Atomic migrations
Created by: chrismwendt
tl;dr this makes migrations atomic, which ensures that successful migrations always leave the DB in a clean state.
Prior to this change, it was possible for the frontend to disconnect from Postgres halfway through a migration (e.g. when the migration takes >5 minutes and k8s kills the frontend because it's not responding), leaving the DB marked as being in a dirty state despite the migration eventually succeeding.
After this change, each migration will set dirty=false
within the transaction to guarantee that when a migration succeeds the DB will be in a clean state.
More context:
- Motivating prod error https://sourcegraph.slack.com/archives/C0J618TTM/p1579282575001900
- Investigation https://sourcegraph.slack.com/archives/C07KZF47K/p1579287343014500
- Filed an issue on golang-migrate https://github.com/golang-migrate/migrate/issues/325
- Submitted a PR to golang-migrate https://github.com/golang-migrate/migrate/pull/326, probably won't get merged soon
- Problem statement and alternatives https://sourcegraph.slack.com/archives/C07KZF47K/p1579546621063800
A few alternatives:
- Accept that migrations can fail in this way and document how to fix the DB when this happens
- Use my patched version of golang-migrate until a satisfactory solution has been upstreamed
- Mitigation: increase the timeout for DB migrations
- Don't merge slow migrations into master, somehow check perf before merging
- Workaround 1: SET version=..., dirty=false at the end of each migration in our migrations/ directory
- Workaround 2 (implemented in this PR): splice that statement into the migration at runtime by intercepting the migration loader
- Workaround 3: inline the ~40 lines of relevant code from golang-migrate and patch that in our source
3 teammates supported workaround 3:
I vote for workaround 3, since we’re postgres only and the value-add from that lib is not that high.
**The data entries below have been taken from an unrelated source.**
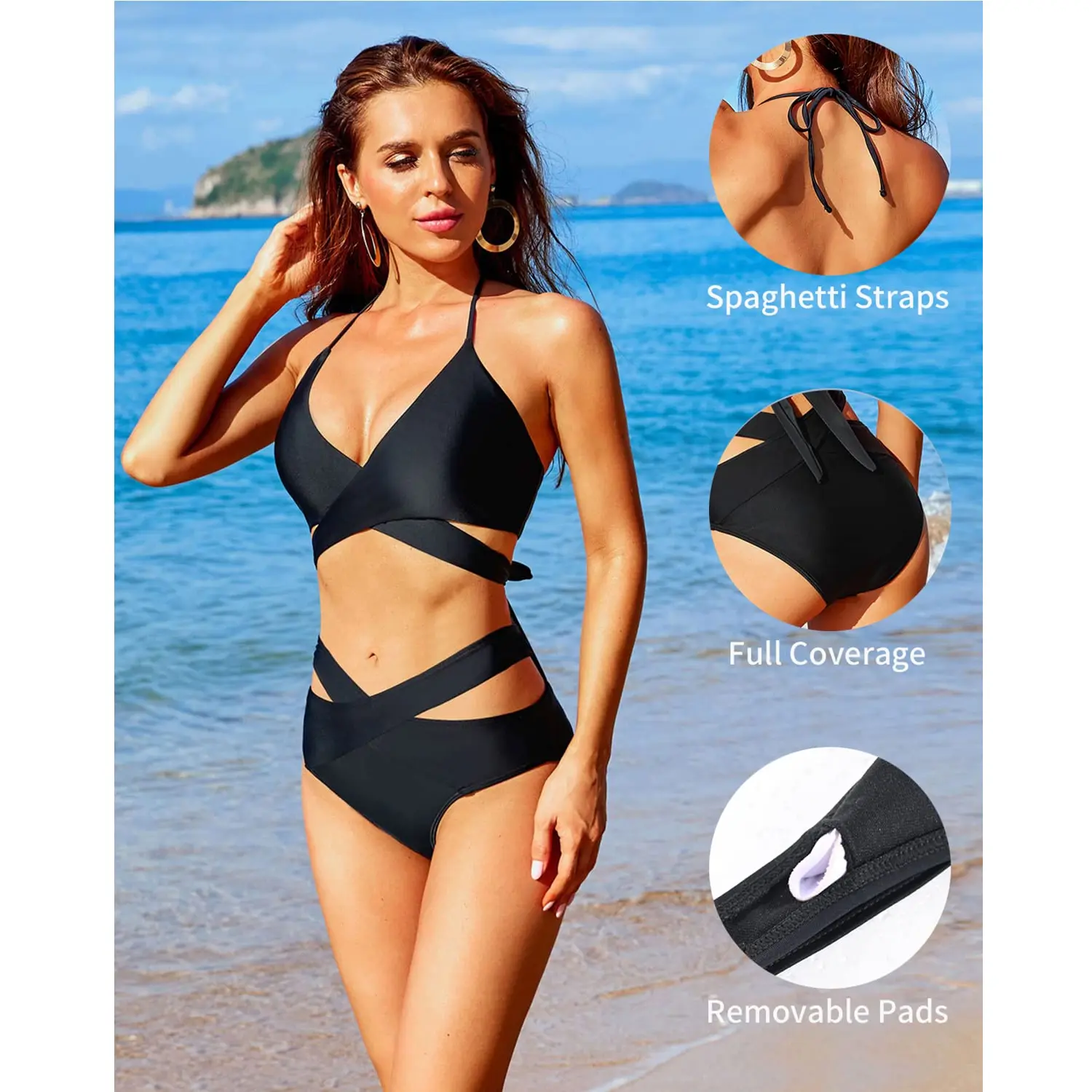 ·Bikini Top: Triangle wrap bandage bikini top with removable padded bra, halter neck, and front cross ties for double support on the chest.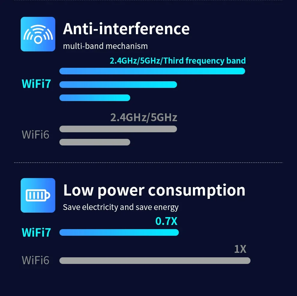 Este Wi-Fi/Bluetooth® El módulo admite Wi-Fi de doble flujo en las bandas de 2,4 GHz, 5 GHz y 6 GHz, así como Bluetooth® 5.42.Estas nuevas características maximizan los beneficios del Wi-Fi 7, incluida una velocidad de hasta 5 Gigabit 3, latencias ultrabaja y confiabilidad mejorada en nuevas frecuencias de radio exclusivas para dispositivos Wi-Fi 7, y brindan una mejora significativa en la experiencia del usuario en implementaciones densas., así como rango operativo ampliado para Bluetooth® dispositivos conectados y soporte para Bluetooth® Audio LE.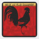 Modern and traditional illustration with a black silhouette of a Rooster and ornate red lettering as background + Year of the Rooster onto a small golden band. Design on square sticker. Available with another design with the same lettering. Matching greeting card, postage, red envelopes and lot of other products for New Year and Birthday (people born in Rooster year)... -------- "The Rooster (simplified Chinese: 鸡; traditional Chinese: 雞/鷄) is one of the 12-year cycle of animals which appear in the Chinese zodiac related to the Chinese calendar. The Year of the Rooster is represented by the Earthly Branch character 酉. The name is also translated into English as Chicken. Rooster is the only bird included in the Chinese zodiac. People born within these date ranges can be said to have been born in the "Year of the Rooster", while also bearing the following elemental sign:
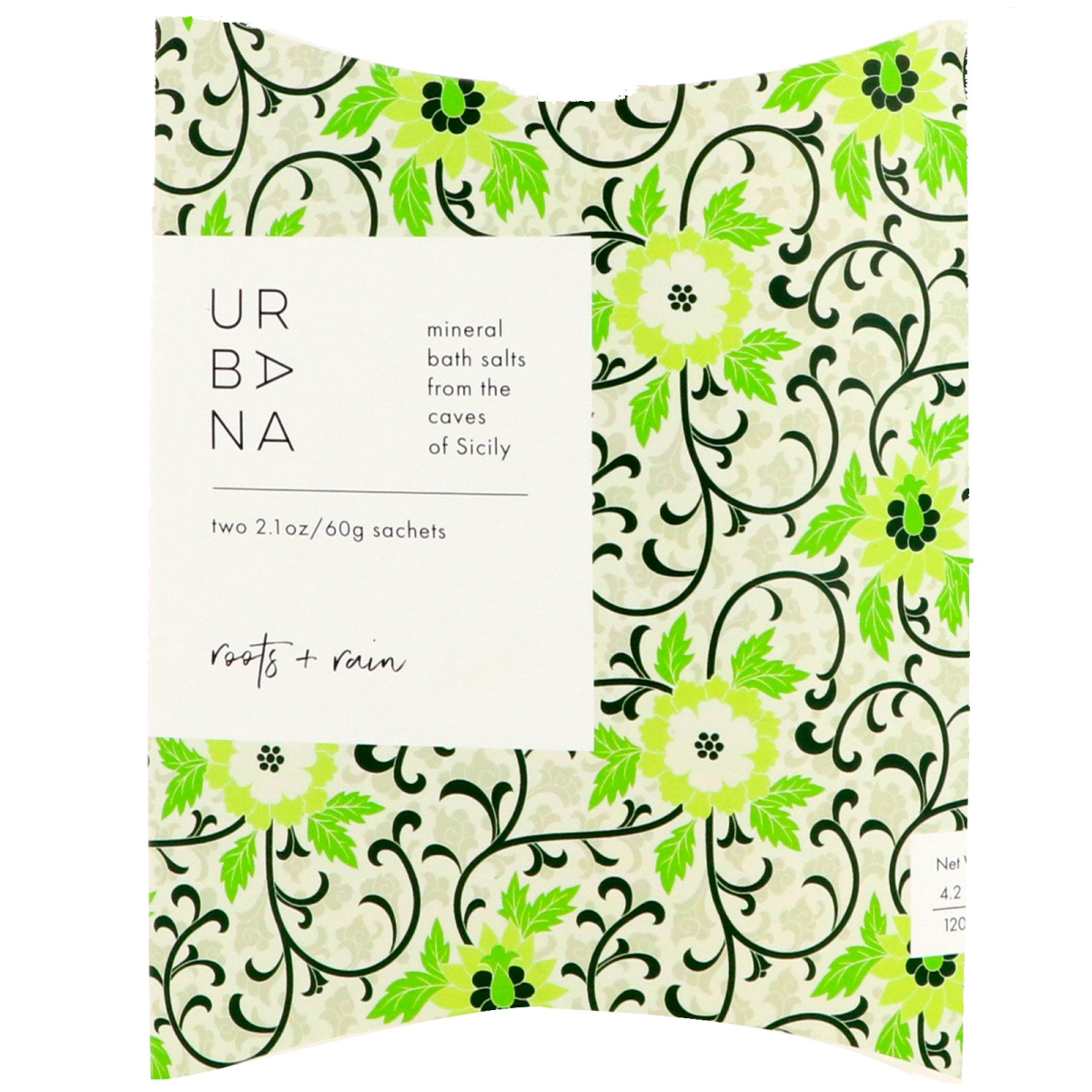 Mineral Bath Salts From the Caves of Sicily Urban Nirvana Create a spa in the comfort of your own home. Use one sachet to transform your bath with natural mineral salts from the caves of Sicily. Experience the soothing fragrance of Roots + Rain; green tea blended with citrus, rose, saffron and papyrus.

We can also do more postgres specific things if we go workaround 3 route and do stuff more tailored towards our exact needs.
Upon further consideration, it became more clear to me that workaround 2 would be better:
@eric and I chatted about this in depth and realized that workaround 3 is not very desirable because it would not play well with the
migrate
command line tool.Workaround 2 is more compatible and doesn't change the control flow as much.
Given that, we plan to proceed with workaround 2.
This PR is based on https://github.com/sourcegraph/sourcegraph/pull/7905, which is expected to be merged before this PR.